■ **Activity**:
Output the first line below and each one after it, exactly, up to and including the line holding "时尚女士全棉纽扣口袋设计长袖圆领T恤,高档环锭纺棉、 柔软贴身、  吸湿透气  、天然环保、  柔软舒适,开襟圆领". Pictures should not be copied.

[[ Input data, beginning ]]

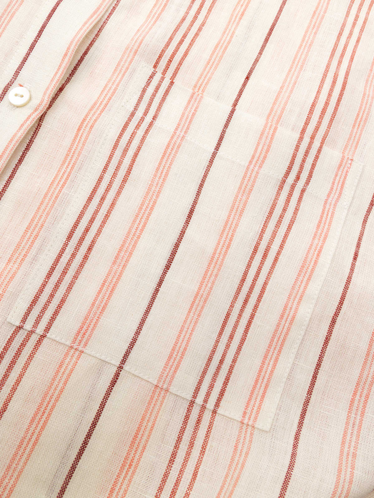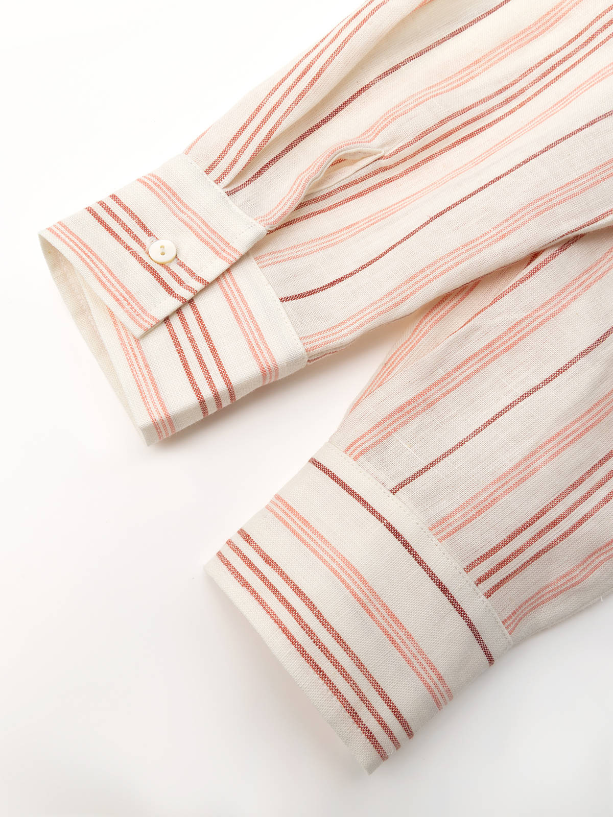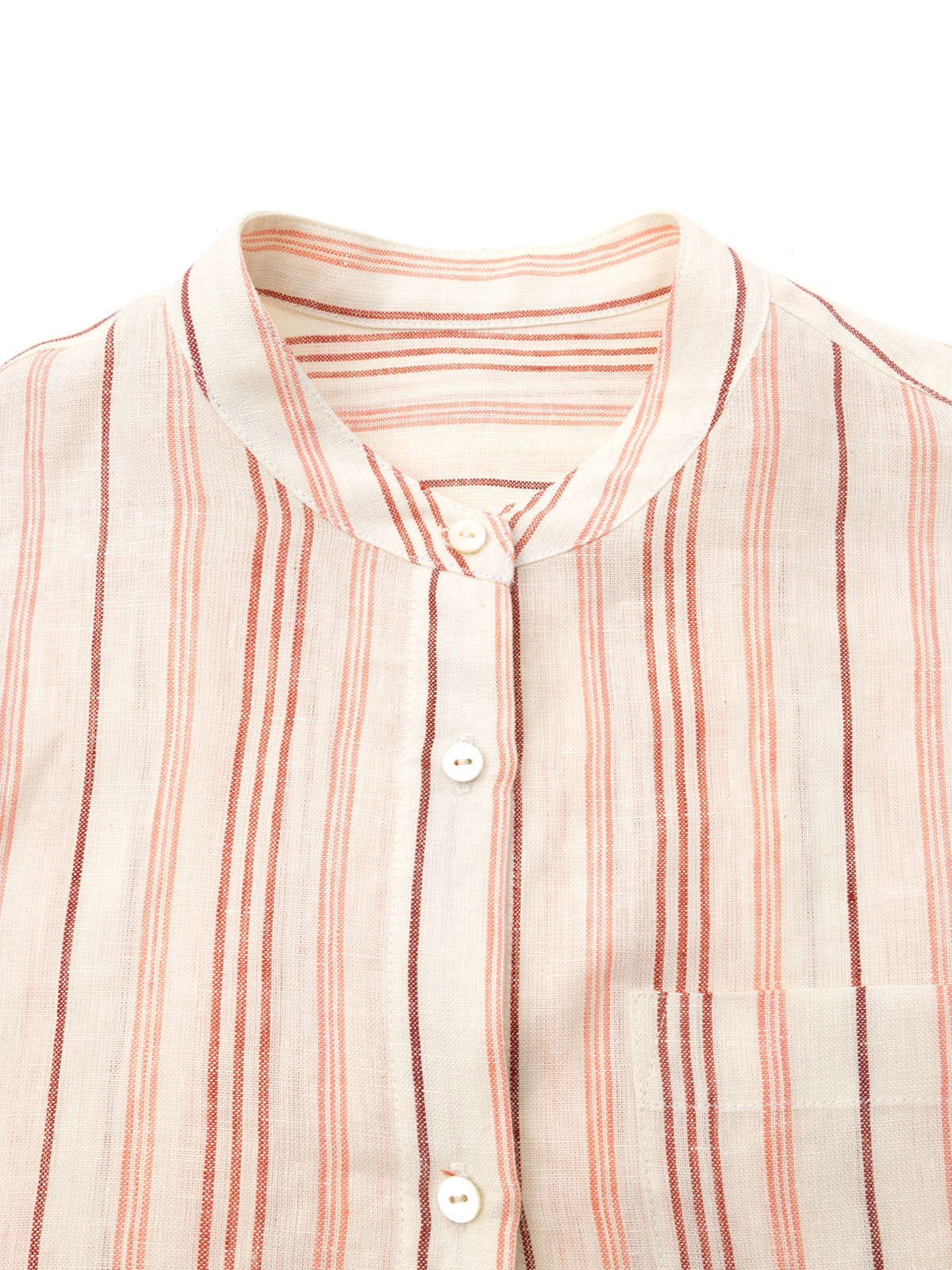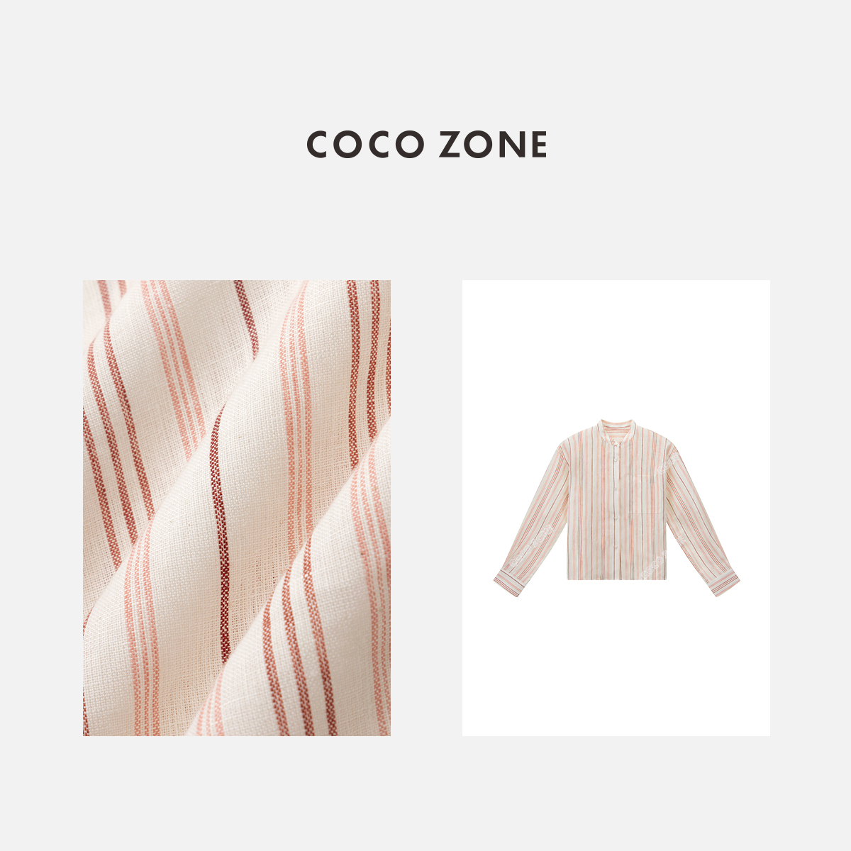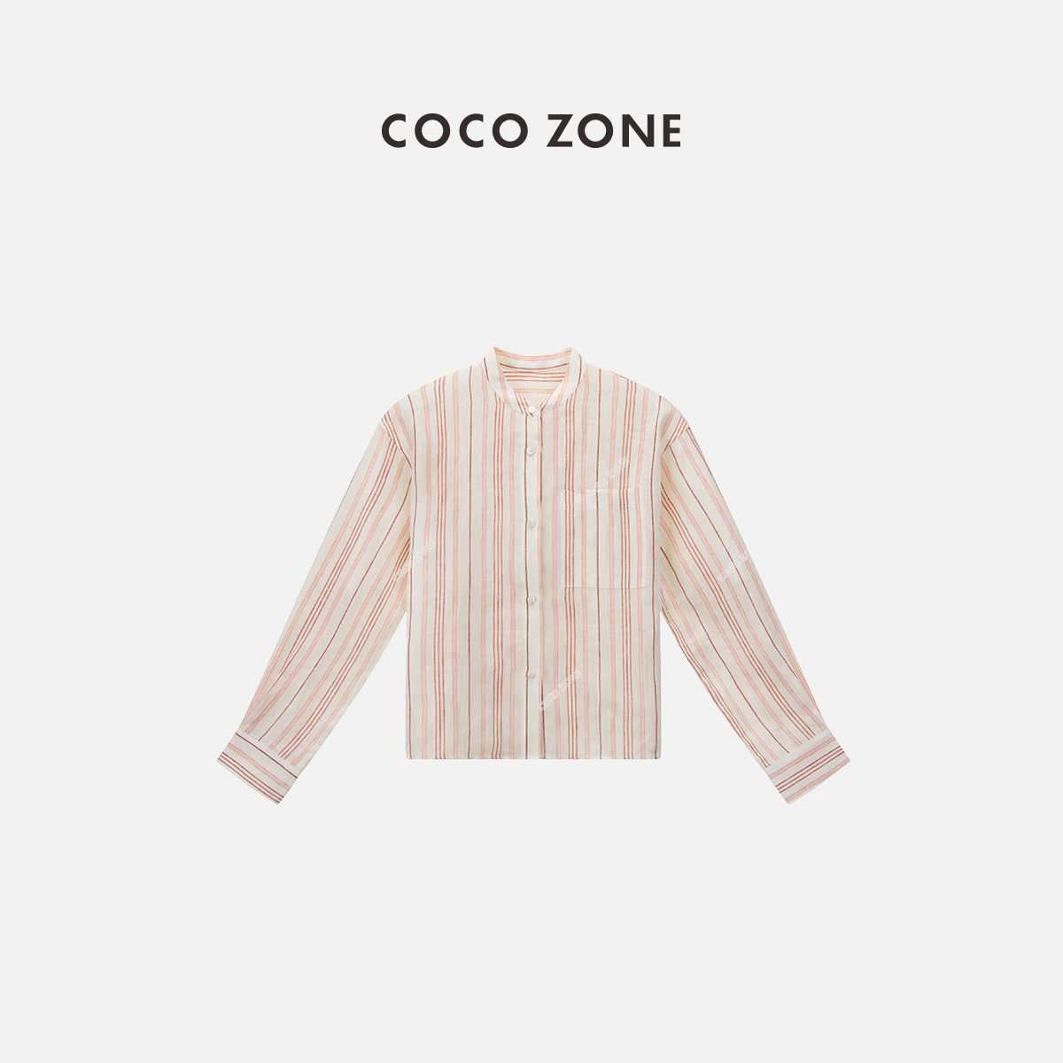 COCO ZONE2024时尚竖条纹长袖衬衫撞色翻领单排扣上衣CC1B0759
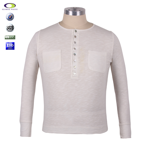 时尚女士全棉纽扣口袋设计长袖圆领T恤,高档环锭纺棉、 柔软贴身、  吸湿透气  、天然环保、  柔软舒适,开襟圆领 纽扣设计 保暖长袖 牢固丝网印logo
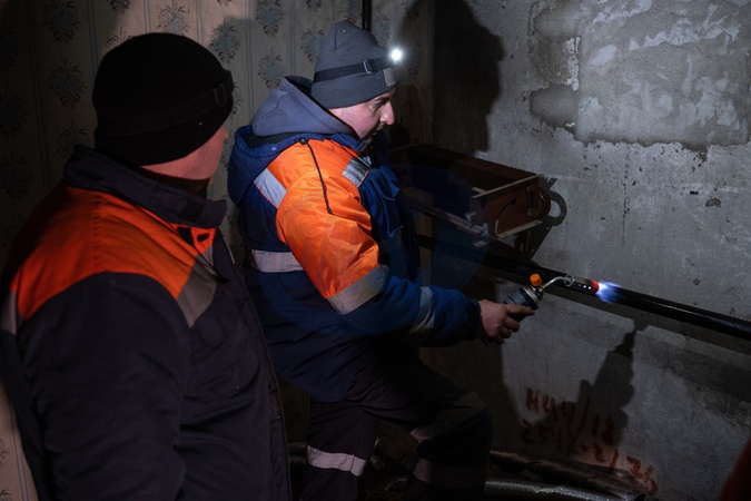 Repair workers of Ukrzaliznytsia help municipal services thaw frozen pipes in a residential building in Kyiv's Holosiivskyi district, Kyiv, Ukraine, on January 21, 2026. Following Russian attacks on energy infrastructure, around 3,000 apartment buildings in the capital remain without heat. Emergency power cuts are ongoing as utility and energy workers work nonstop to restore heating and electricity, Credit:Danylo Antoniuk / Avalon
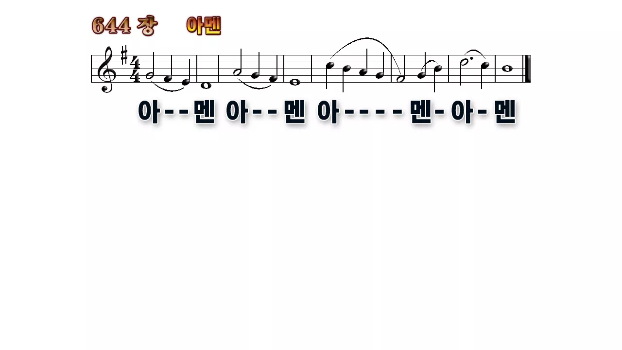새찬송가 '644장 아멘(네 번 아멘)'의 16:9 와이드버전으로 편집된 배경 없는 새찬송가 PPT악보입니다.
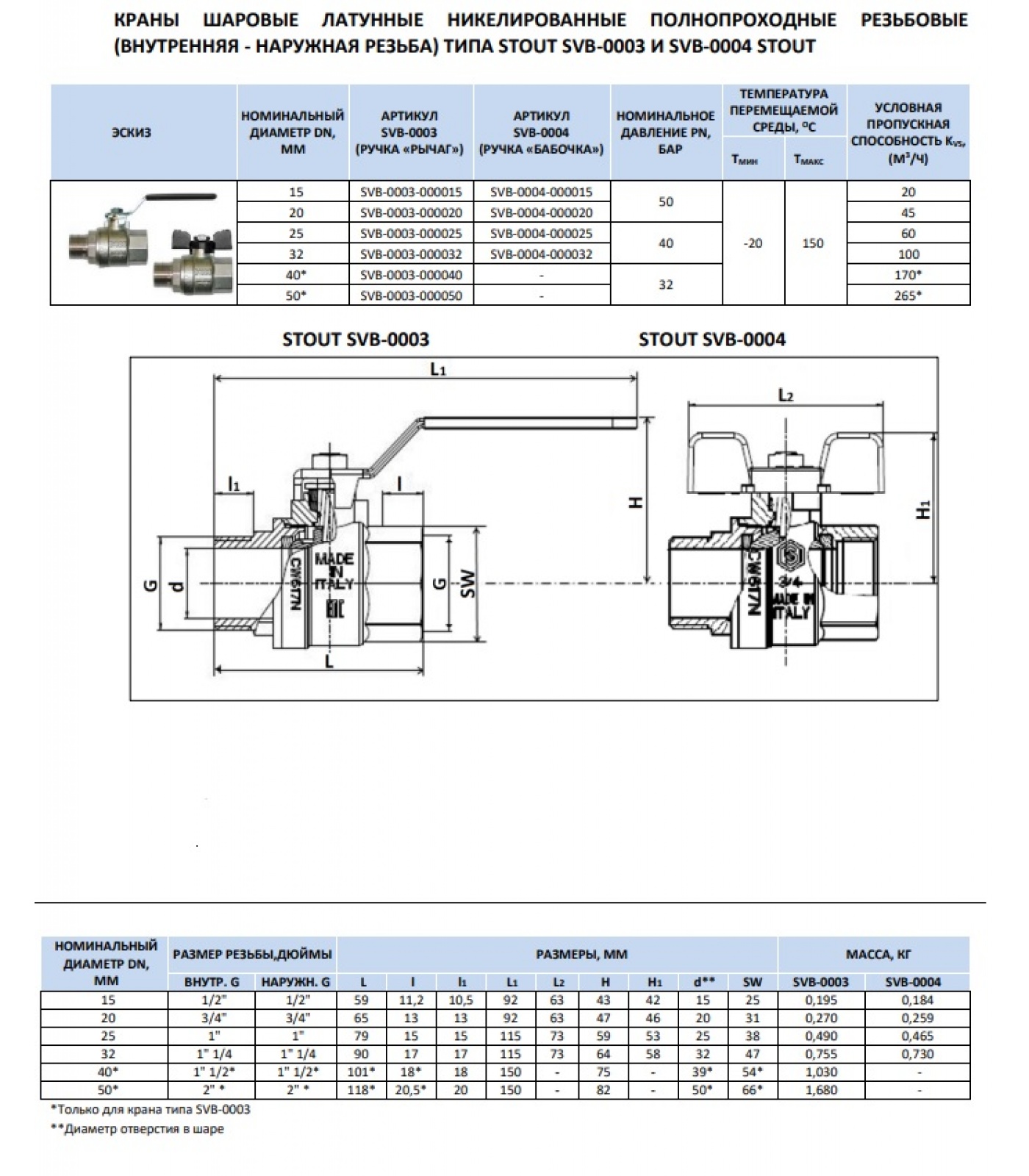 Кран шаровой STOUT полнопроходной, ВР/НР, ручка рычаг 1
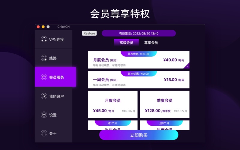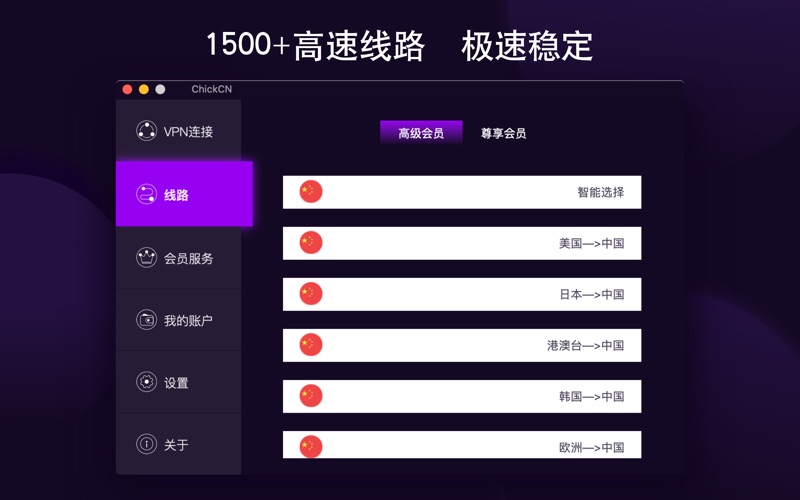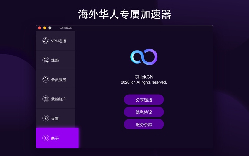 ChickCN,帮助海外华人访问国内应用,一键加速Bilibili、优酷、爱奇艺、腾讯视频、CCTV、芒果TV、CNTV、腾讯体育、QQ音乐、网易云音乐、虾米音乐、喜马拉雅、韩剧TV等国内主流音视频应用,ChickCN帮你解决海外连接问题。 ChickCN 加速器 【稳定】全球专线,极速稳定。 【便捷】一键加速,不需任何配置,游戏音乐视频即可同时加速。 【共享】一次购买,多台设备可同时享受在线加速。 ChickCN加速器,无需注册,免费线路,一键回国! ChickCN加速器,海外华人加速首选的专业网络工具 ChickCN加速器,海外华人高速畅游国内网络 ChickCN加速器,快速,简单,安全可靠 ------多快好省,只为你------ *新人大礼:注册就送vip时长。 *多重加密,更安全:国内顶尖机房,专享带宽,高速稳定不掉线。 *使用简单,无需配置:一键连接。 ------满足多样需求------ 高清视频:优酷、爱奇艺、腾讯NBA、bilibili、CCTV5…… 畅游乐海:网易云音乐、QQ音乐、虾米音乐…… 高速稳定延迟低:畅玩各种热门游戏 ------总有一种方式联系我------- 如果你不喜欢我,请及时给我们反馈,为你,我们会努力改进! 有任何意见或建议,可以通过以下方式联系我们: ChickCN全球粉丝群:942409942 ChickCN客户端:我的——问题反馈 更多福利,请关注公众号:小鸡加速器 请遵守中国和服务器所在地的法律,严禁一切违法犯罪活动! VIP自动订阅服务说明 1、订阅服务:ChickCN加速器 VIP连续包月(1个月)和连续包周 2、订阅价格:以应用内套餐价格为准。 3、付款:用户确认购买并付款后计入iTunes账户 4、苹果iTunes账户会在到期前24小时内扣费,扣费成功后订阅周期顺延一个订阅周期 5、如需取消订阅,请打开“App Store” --> 选择"查看我的账户",进入"查看信息"页面,点击“订阅”,选择Chick加速器 VIP 取消订阅。如未在订阅期结束的至少24小时前关闭订阅,此订阅将会自动续订。 隐私协议:http://ad.17youfang.com/PrivacyPolicy.html 服务政策:http://ad.17youfang.com/TermsofUse.html 1、新增优惠券系统,购买更优惠; 2、优化积分系统,完成任务即可抽取VIP时长; 3、提高App连接稳定性; 4、修复用户反馈的其他小问题。

[[ Input data, end ]]

■ **Output of the exercise**:
 COCO ZONE2024时尚竖条纹长袖衬衫撞色翻领单排扣上衣CC1B0759
 时尚女士全棉纽扣口袋设计长袖圆领T恤,高档环锭纺棉、 柔软贴身、  吸湿透气  、天然环保、  柔软舒适,开襟圆领 纽扣设计 保暖长袖 牢固丝网印logo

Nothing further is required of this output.